In my view, both safe injection sites and the mythical Hamsterdam are hard to cheer for in that they normalize aberrant behavior. However, there’s a new drug out there that’s giving a whole new meaning to harm reduction.

Killer Drug

Fentanyl has two main sources: the pharmaceutical industry and the Mexican drug cartels. When a documentary was being made about the Joaquin “El Chapo” Guzman and the Sinaloa drug cartel, the filmmakers heard about the cartel making a drug so powerful and dangerous that the traffickers called it el diablito, or “the little devil.”

El diablito turned out to be heroin-laced fentanyl. We can only assume it gave El Chapo a competitive edge. Fentanyl is 50 times stronger than heroin.

This doesn’t mean that the pharmaceutical industry is off the hook. Fentanyl is only approved by the FDA for “breakthrough cancer pain.” But a whistleblower investigation “found multiple Fentanyl companies [are] facing investigations and indictments for allegedly paying kickbacks to doctors…to prescribe the drug ‘off-label,’ for reasons other than its prescribed use.” Stay tuned.



We’ve been looking at this like a drug epidemic,” said a CDC official. “This is a poisoning epidemic. Fentanyl is not a choice. It is a contamination crisis.”

Coda

If you walk the streets of West Kensington, you will see two different worlds.
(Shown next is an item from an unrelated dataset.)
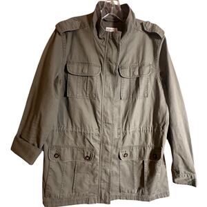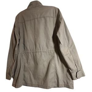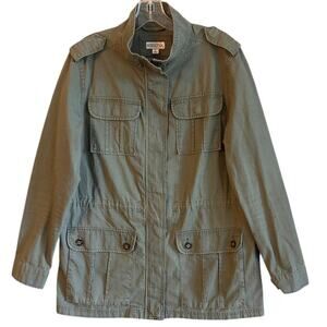 Women’s Chore Jacket Sz L Army Green Utility Drawstring Cotton Pockets Barn Work

You can choose to observe the junkies and bounders who stand aimlessly alone or in groups, on the look-out for some sucker from the suburbs who needs help locating a dealer.

You can also choose to watch the neighborhood folks, mostly Hispanic, who transact the daily grind of every day life, watching their children, scraping to get by, deftly blocking out the chaos the surrounds them, perhaps wishing they had the money to get out.

These good people need some peace.

If safe injection sites catch on, can Hamsterdams be far behind?

 



Andrew Goutman

Andrew Goutman is the editor of The Record.